*** Block opens ***

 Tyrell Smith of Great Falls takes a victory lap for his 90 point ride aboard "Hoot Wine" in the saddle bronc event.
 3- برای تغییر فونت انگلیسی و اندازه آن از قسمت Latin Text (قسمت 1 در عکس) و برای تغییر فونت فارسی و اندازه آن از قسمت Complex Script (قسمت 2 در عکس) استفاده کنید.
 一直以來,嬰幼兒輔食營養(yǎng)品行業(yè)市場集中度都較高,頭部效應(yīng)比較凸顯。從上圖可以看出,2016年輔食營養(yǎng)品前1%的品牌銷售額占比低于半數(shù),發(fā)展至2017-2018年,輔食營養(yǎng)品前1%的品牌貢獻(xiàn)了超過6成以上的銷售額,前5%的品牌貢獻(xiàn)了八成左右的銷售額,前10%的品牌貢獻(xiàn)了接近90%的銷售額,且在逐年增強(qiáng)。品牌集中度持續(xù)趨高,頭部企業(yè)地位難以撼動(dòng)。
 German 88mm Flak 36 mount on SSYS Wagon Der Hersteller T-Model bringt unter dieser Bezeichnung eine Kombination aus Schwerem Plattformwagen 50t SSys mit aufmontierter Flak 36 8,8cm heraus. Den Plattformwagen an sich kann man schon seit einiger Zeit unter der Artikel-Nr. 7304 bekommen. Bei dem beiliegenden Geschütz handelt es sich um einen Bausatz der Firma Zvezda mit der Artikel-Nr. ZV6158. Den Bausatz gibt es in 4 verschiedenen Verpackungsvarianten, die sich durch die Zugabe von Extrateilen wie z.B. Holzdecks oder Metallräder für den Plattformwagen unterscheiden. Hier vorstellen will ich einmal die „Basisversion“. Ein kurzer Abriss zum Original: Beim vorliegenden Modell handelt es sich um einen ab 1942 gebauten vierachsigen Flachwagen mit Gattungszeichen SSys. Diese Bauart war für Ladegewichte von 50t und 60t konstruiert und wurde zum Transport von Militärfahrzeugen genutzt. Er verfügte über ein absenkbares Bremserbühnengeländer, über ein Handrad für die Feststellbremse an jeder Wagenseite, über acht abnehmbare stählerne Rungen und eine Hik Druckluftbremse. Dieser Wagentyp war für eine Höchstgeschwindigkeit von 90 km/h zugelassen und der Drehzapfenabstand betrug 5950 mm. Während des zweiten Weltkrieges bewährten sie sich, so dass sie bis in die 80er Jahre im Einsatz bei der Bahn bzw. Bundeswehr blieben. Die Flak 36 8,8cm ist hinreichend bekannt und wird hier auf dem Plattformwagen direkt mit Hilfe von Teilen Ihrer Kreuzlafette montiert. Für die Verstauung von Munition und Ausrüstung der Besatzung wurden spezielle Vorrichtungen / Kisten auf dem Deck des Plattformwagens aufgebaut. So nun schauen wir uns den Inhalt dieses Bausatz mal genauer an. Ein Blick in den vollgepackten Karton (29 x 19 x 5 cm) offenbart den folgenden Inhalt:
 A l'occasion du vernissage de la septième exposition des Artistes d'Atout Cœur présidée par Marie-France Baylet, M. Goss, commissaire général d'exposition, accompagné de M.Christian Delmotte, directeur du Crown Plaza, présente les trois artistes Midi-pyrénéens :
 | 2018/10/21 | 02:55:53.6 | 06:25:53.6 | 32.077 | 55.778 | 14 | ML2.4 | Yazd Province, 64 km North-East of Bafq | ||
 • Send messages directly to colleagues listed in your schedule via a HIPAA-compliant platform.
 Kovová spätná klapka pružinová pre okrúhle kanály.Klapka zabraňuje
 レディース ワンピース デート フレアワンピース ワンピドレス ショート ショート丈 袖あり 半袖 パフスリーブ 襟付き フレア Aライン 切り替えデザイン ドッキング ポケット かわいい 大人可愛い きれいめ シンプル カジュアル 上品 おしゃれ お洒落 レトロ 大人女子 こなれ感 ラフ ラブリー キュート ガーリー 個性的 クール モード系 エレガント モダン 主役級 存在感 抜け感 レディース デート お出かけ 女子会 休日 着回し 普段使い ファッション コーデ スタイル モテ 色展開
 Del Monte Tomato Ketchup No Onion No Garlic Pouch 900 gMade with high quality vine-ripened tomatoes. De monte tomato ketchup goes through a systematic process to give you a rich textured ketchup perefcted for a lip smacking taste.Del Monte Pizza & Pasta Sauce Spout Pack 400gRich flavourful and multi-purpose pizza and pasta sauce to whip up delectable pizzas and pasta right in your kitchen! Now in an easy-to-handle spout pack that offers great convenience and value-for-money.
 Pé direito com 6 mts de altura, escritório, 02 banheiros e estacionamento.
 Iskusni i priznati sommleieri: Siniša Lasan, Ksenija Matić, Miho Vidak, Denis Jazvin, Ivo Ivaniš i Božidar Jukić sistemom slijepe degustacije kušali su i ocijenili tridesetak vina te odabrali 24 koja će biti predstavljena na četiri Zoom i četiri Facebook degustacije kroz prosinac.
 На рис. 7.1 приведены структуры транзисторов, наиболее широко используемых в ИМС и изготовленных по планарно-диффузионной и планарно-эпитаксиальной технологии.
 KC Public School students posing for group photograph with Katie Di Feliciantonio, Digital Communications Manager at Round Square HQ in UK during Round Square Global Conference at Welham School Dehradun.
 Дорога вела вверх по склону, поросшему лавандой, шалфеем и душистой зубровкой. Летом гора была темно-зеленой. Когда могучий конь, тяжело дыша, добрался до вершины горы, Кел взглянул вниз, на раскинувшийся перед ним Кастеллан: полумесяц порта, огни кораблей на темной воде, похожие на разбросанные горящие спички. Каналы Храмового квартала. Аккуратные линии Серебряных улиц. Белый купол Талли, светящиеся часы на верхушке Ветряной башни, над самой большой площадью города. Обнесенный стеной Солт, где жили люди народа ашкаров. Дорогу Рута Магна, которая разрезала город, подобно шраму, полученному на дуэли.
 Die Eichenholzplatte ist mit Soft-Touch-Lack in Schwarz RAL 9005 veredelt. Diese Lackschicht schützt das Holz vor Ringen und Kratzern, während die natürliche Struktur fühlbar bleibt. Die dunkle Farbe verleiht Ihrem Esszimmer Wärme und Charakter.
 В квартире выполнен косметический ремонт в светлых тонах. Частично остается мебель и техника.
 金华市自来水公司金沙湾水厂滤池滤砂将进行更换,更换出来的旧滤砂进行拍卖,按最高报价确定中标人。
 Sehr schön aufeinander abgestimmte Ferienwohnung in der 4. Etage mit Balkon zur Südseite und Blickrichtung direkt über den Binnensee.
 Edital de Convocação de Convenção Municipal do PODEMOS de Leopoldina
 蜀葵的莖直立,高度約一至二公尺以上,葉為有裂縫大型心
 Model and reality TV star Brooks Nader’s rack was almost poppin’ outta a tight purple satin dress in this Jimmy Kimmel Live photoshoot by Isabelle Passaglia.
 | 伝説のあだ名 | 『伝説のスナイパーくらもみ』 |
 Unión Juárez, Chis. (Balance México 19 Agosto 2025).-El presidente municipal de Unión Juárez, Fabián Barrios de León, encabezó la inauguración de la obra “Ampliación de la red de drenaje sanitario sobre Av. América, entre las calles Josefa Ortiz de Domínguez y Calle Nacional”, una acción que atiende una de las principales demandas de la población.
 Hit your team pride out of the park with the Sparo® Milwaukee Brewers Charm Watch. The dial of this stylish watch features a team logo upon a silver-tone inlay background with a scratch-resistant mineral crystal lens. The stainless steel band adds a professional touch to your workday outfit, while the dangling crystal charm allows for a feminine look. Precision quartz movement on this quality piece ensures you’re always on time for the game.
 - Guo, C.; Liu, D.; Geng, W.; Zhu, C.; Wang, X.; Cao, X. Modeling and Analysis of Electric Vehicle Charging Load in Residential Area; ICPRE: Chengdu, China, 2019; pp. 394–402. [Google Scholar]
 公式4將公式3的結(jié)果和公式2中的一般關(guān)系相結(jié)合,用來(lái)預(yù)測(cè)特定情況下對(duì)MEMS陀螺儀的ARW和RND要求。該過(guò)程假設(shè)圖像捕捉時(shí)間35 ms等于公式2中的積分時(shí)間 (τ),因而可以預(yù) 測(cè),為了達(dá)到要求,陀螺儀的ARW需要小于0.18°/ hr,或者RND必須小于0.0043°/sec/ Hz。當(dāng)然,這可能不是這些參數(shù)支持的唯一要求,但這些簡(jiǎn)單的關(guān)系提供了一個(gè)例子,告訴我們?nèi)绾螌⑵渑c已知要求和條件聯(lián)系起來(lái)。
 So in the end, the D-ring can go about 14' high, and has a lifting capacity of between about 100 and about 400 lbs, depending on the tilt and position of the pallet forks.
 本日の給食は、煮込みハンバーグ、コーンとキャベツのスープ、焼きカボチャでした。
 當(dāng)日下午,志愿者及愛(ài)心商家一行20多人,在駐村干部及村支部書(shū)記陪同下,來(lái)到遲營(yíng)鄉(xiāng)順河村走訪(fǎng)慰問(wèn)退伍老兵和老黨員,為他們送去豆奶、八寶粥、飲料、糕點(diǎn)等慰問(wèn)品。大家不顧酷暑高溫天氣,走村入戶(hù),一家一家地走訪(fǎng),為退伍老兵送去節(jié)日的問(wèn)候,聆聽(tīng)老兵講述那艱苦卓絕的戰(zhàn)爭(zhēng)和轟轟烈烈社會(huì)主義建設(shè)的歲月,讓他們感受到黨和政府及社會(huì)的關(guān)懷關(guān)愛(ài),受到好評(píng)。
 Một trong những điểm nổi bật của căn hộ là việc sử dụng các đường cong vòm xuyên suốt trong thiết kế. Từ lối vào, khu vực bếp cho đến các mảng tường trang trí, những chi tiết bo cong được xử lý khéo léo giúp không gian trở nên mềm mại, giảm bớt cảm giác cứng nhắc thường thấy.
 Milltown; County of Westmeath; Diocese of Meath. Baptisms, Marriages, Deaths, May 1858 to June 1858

*** Block closes ***

Repeat the entries above verbatim, but only from the line that has "a HIPAA-compliant platform." down to the line that has "レディース ワンピース デート", inclusive.

 • Send messages directly to colleagues listed in your schedule via a HIPAA-compliant platform.
 Kovová spätná klapka pružinová pre okrúhle kanály.Klapka zabraňuje
 レディース ワンピース デート フレアワンピース ワンピドレス ショート ショート丈 袖あり 半袖 パフスリーブ 襟付き フレア Aライン 切り替えデザイン ドッキング ポケット かわいい 大人可愛い きれいめ シンプル カジュアル 上品 おしゃれ お洒落 レトロ 大人女子 こなれ感 ラフ ラブリー キュート ガーリー 個性的 クール モード系 エレガント モダン 主役級 存在感 抜け感 レディース デート お出かけ 女子会 休日 着回し 普段使い ファッション コーデ スタイル モテ 色展開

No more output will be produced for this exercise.